# Super Cheese



## Shaina (Oct 28, 2007)

Alright this is super duper cheesy...in more ways than one...but here you go

Mira a.k.a. Princess Cheeseface finished up her AXJ (AKC agility Excellent Jumpers title) recently so she's in Excellent B now and we will be starting our MACH journey at our next trial (which is most likely going to be in March...we don't get to trial very often here compared to some other areas of the country). 

So anyway, Mira's journey in ribbons from last summer til now, cheesified for your entertainment.










Top row L -> R: Novice Jumpers, Open Jumpers, Excellent Jumpers
Bottom row L ->R: Novice Standard, Open Standard, Excellent Standard

Class sizes 5-15 dogs, usually around 10


----------



## Niraya (Jun 30, 2011)

Oh wow!!! I really really like that picture! It's fantastic!

Congrats !!!


----------



## RaeganW (Jul 14, 2009)

This fills me with so much glee. Congratulations to both of you!


----------



## trainingjunkie (Feb 10, 2010)

Huge congratulations! Great picture!

Best Wishes on your MACH journey!


----------



## Finkie_Mom (Mar 2, 2010)

What a fantastic picture! Congrats on your successes thus far!!!


----------



## +two (Jul 12, 2011)

This is pretty spectacular and Mira is just... she is just . . . SO beautiful.


----------



## luv2byte (Oct 21, 2009)

That is awesome! Love the pic, one deserving a frame for sure.


----------



## melgrj7 (Sep 21, 2007)

Nice!!! Congrats!


----------



## Sibe (Nov 21, 2010)

Awesome, congratulations!!!! Great accomplishment for less than a year of trialing! You'll have that MACH in no time.

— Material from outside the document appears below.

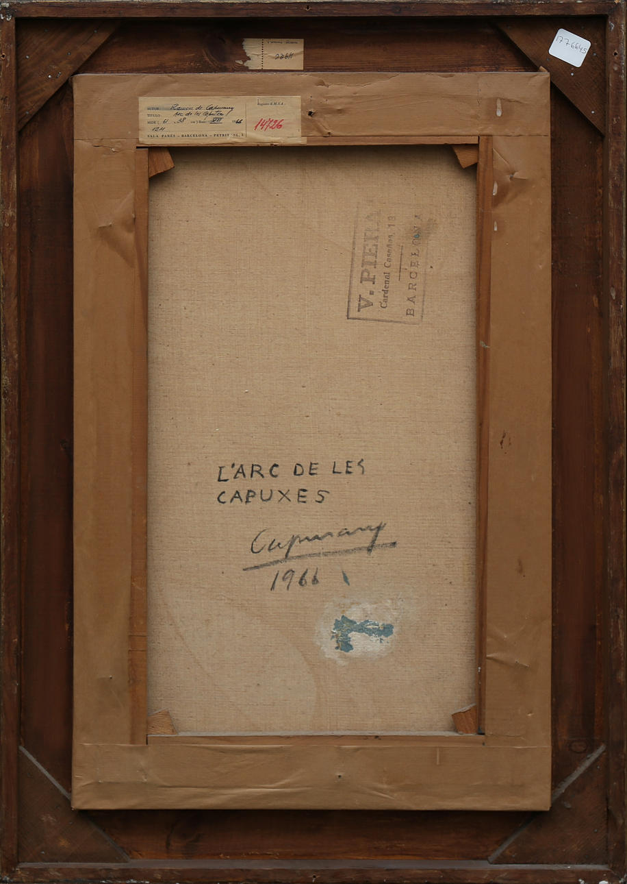 Firmado. En el reverso, firmado, localizado y fechado en 1966. En el bastidor, una etiqueta de la Sala Parés de 1966 lo titula

Cheese or not I love the photo  Is she trying to copy Web's ears?? lol


----------



## petpeeve (Jun 10, 2010)

Wine is a good accompaniment to cheese.

Pop a bottle. Celebrate. Do a little dance. :whoo: LOL



Seriously though ... nice goin' ! ... and nice pic, too !


----------



## Shaina (Oct 28, 2007)

Thanks, everyone  

And petpeeve - I like that idea 



Sibe said:


> You'll have that MACH in no time.


LOL well we'll see about that. I'm very very excited for the journey in any case  Definitely not underestimating the challenges involved, though!


----------



## Zoey's Mommy (Mar 3, 2012)

aww, that's a great picture...

*he he he* I was thinking there was some cheese related competition in here... which would be PERFECT for Zoey!


----------



## itsjustmebre (Mar 29, 2011)

Gorgeous dog :3 Awesome picture too! Congrats on the title 

~IJMB


----------



## begemot (Feb 1, 2011)

I love the picture! I'm with luv2byte, that needs to be on a wall. Not cheesy at all!


----------



## Shaina (Oct 28, 2007)

Haha thanks guys


----------



## Darkmoon (Mar 12, 2007)

Congratulations! She turned out to be a nice looking dog  Can't wait to see her get her MACH!


----------



## Miki the aussie owner (Mar 4, 2012)

Congrats! I have been told that getting a MACH is fun! I can't wait to start aglity with my dog, i have been waiting for soooo long! and now i got a dog i can do it with! I always love the pictures like yours, showing off all the ribbons.  Wait a little while, and i will have a pic like that posted.  

The fun about performance events- you have a higher chance of getting a fancy ribbon, in conformation you rarly get a fancy ribbon just for BOB. they save them for groups, and BIS.


----------



## CrazyBootLady (Mar 22, 2012)

Congrats! What a wonderful picture! I wish I had thought of that for me and my horse before we retired him!


----------